As you may know, Heaps can only use Table Scans to retrieve data which are requested by the client software. In SQL Server Enterprise, the advanced scan feature allows multiple tasks to share full table scans. If the execution plan of a Transact-SQL statement requires a scan of the data pages in a table, and the Database Engine detects that the table is already being scanned for another execution plan, the Database Engine joins the second scan to the first, at the current location of the second scan. The Database Engine reads each page one time and passes the rows from each page to both execution plans. This continues until the end of the table is reached.

At that point, the first execution plan has the complete results of a scan, but the second execution plan must still retrieve the data pages that were read before it joined the in-progress scan. The scan for the second execution plan then wraps back to the first data page of the table and scans forward to where it joined the first scan. Any number of scans can be combined like this. The Database Engine will keep looping through the data pages until it has completed all the scans. This mechanism is also called “merry-go-round scanning” and demonstrates why the order of the results returned from a SELECT statement cannot be guaranteed without an ORDER BY clause.

Select data in a Heap

Since a Heap has no index structures, Microsoft SQL Server must always read the entire table. Microsoft SQL Server solves the problem with predicates with a FILTER operator (Predicate Pushdown). For all examples shown in this article, I created a table with ~ 4,000,000 data records from my demo database [CustomerOrders]. After restoring the database, run the code to create the new table, CustomerOrderList.

When data is read from a Heap, a TABLE SCAN operator is used in the execution plan – regardless of the number of data records that have to be delivered to the client.

Figure 1: SELECT * FROM dbo.CustomerList

When Microsoft SQL Server reads data from a table or an index, this can be done in two ways:

  • The data selection follows the B-tree structure of an index
  • The data is selected in accordance with the logical arrangement of data pages

Figure 2: Reading data in a B-Tree basically follows the index structure

In a Heap, the reading process takes place in the order in which data was saved on the data pages.
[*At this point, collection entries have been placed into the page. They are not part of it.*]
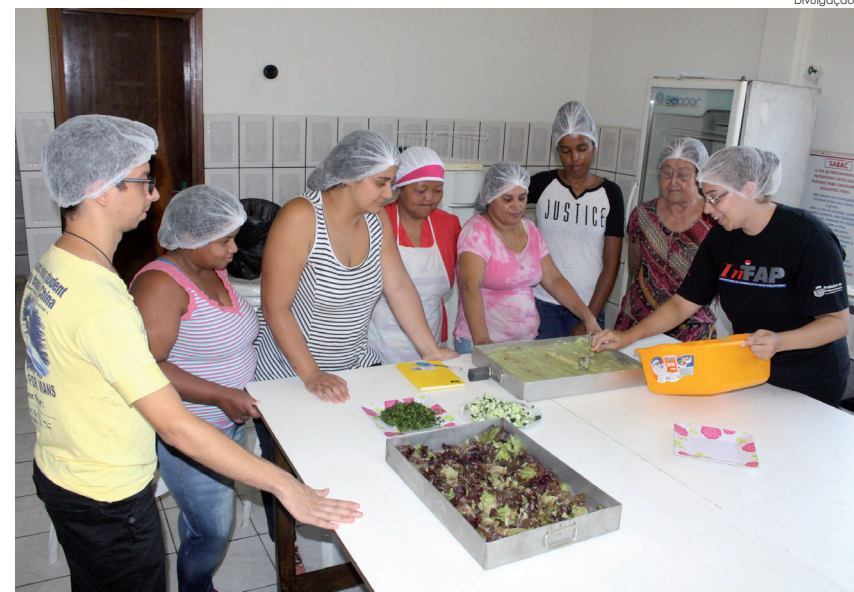
Oficina de culinária funcional ocorrerá no centro comunitário do Andrade

Os encontros de culinária funcional começarão na segunda-feira (5), das 13 às 18 horas, no centro comunitário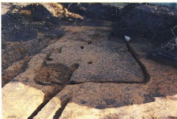
古墳時代の住居跡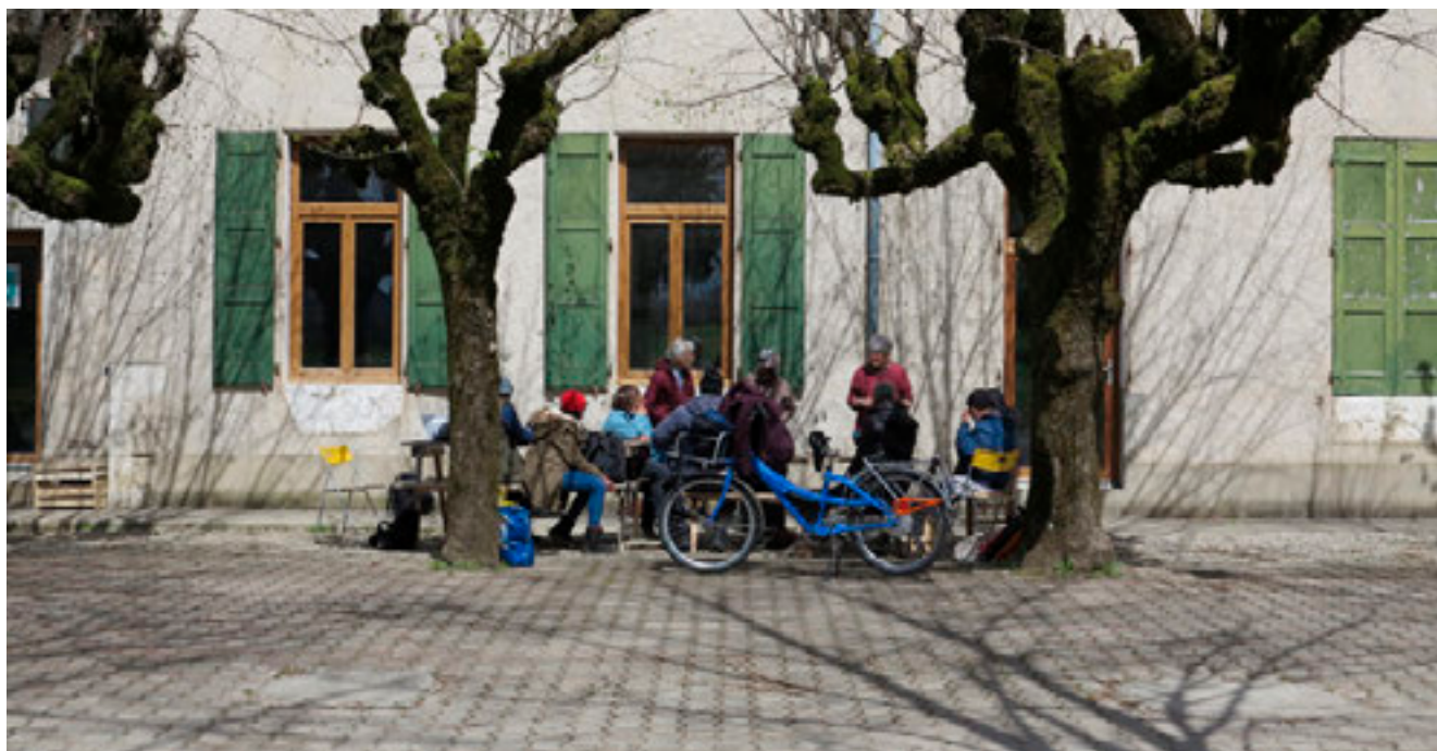
Les bénévoles animent également des ateliers de cuisine, d'apiculture ou encore d'artisanat, ouverts à tous.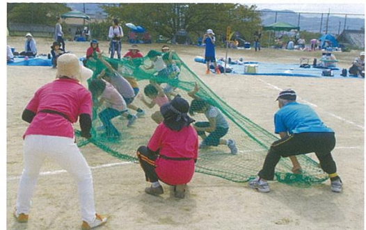
運動会障害物競走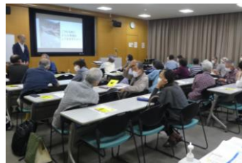
▲第2回の様子。意見が活発に交わされ、たくさんの情報が集まりました。それぞれのマイタイムライン作成の参考となる時間となりました。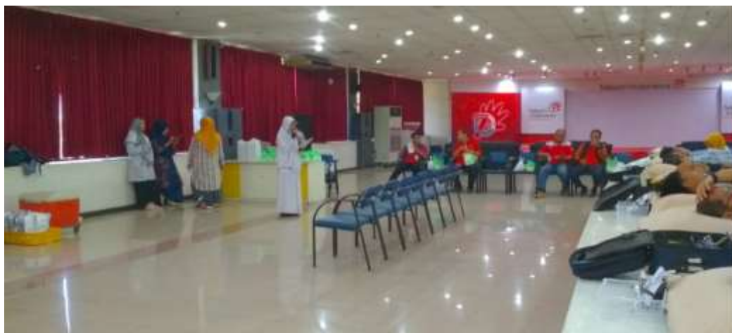
Gambar 2. Kegiatan Sosialisasi Persyaratan Kegiatan Donor Darah Instansi (Mobile Unit) dan Donor Darah Mobile Unit di Grapari Telkom Surabaya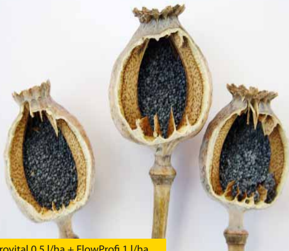
Účinek ošetření kombinací SuperAgrovital 0,5 l/ha + FlowProfi 1 l/ha na kvalitu máku (vlevo mák z neošetřeného porostu)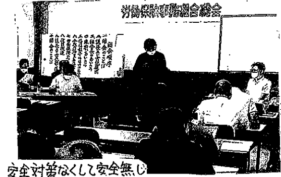
安全対策なくして安全無し

過去5年間の労働災害の型別でも、墜落・転落が最も多く、工事の種類では高所作業がある建設工事業でした。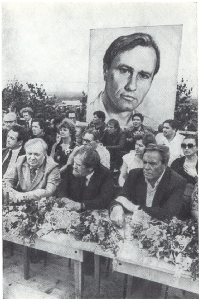
На Шукшинских чтениях в селе Сростки. Справа от В. Астафьева — Василий Белов.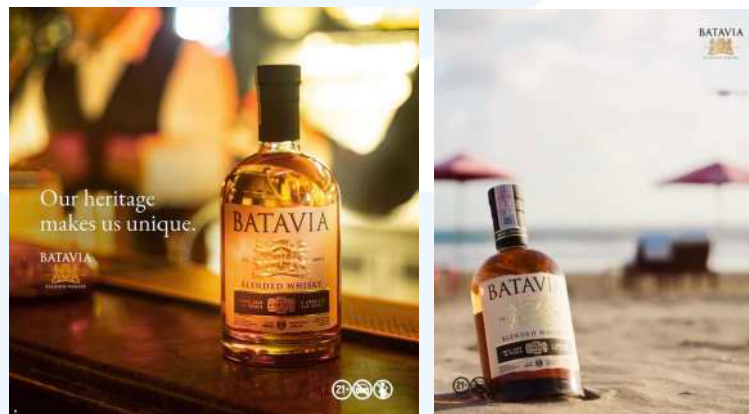
Gambar 2. 4 Kolaborasi Kanekin dan Batavia

Semenjak tahun 2022 Kanekin Creative telah menjadi partner kerjasama Batavia untuk jasa sosial media dan design content . Dalam hal ini Kanekin menawarkan jasa foto produk yang diambil di studio, bar ataupun tempat yang mendukung tema dari pesan yang ingin disampaikan dari produk terhadap klien.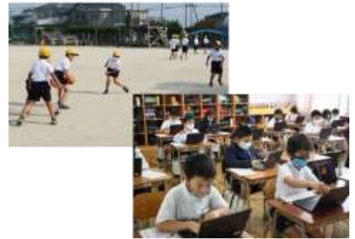
統合後の城島小学校の様子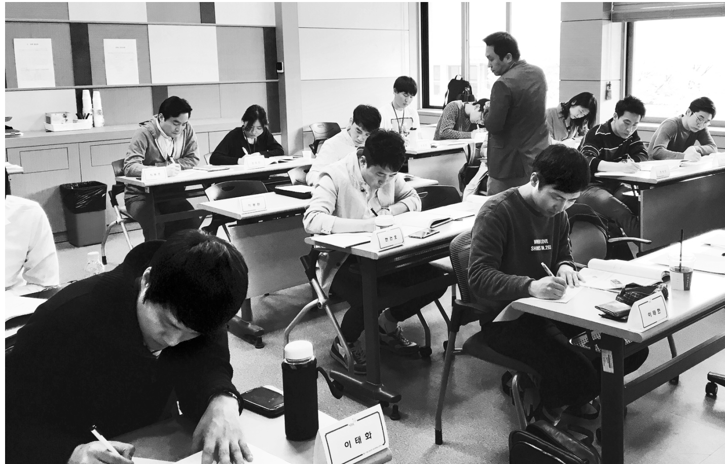
중소기업진흥공단은 도전의식과 참신한 아이디어로 무장한 '청년'들이 실패에 대한 두려움 없이 창업에 도전할 수 있도록 청년창업사관학교를 운영하고 있다. 청년사관학교 입교생들이 전문강사에게 창업실무 교육을 받고 있다.

Microsoft SQL Server reads information about the data pages of the Heap from the IAM page of a table, which is described in the article “Heaps in SQL Server: Part 1 The Basics”.

Figure 3: Reading data in a Heap follows the logical order of data pages

After the “route” for reading the data has been read from the IAM, the SCAN process begins to send the data to the client. This technique is called “Allocation Order Scan” and can be observed above all at Heaps.

If the data is limited by a predicate, the way of working does not change. Since the data is unsorted in a Heap, Microsoft SQL Server must always search the complete table (all data pages).

Figure 4: Scan over the whole table

The filtering is called “predicate pushdown”. Before further processes are processed, the number of data records is reduced as much as possible! A predicate pushdown can be made visible in the execution plan using trace flag 9130!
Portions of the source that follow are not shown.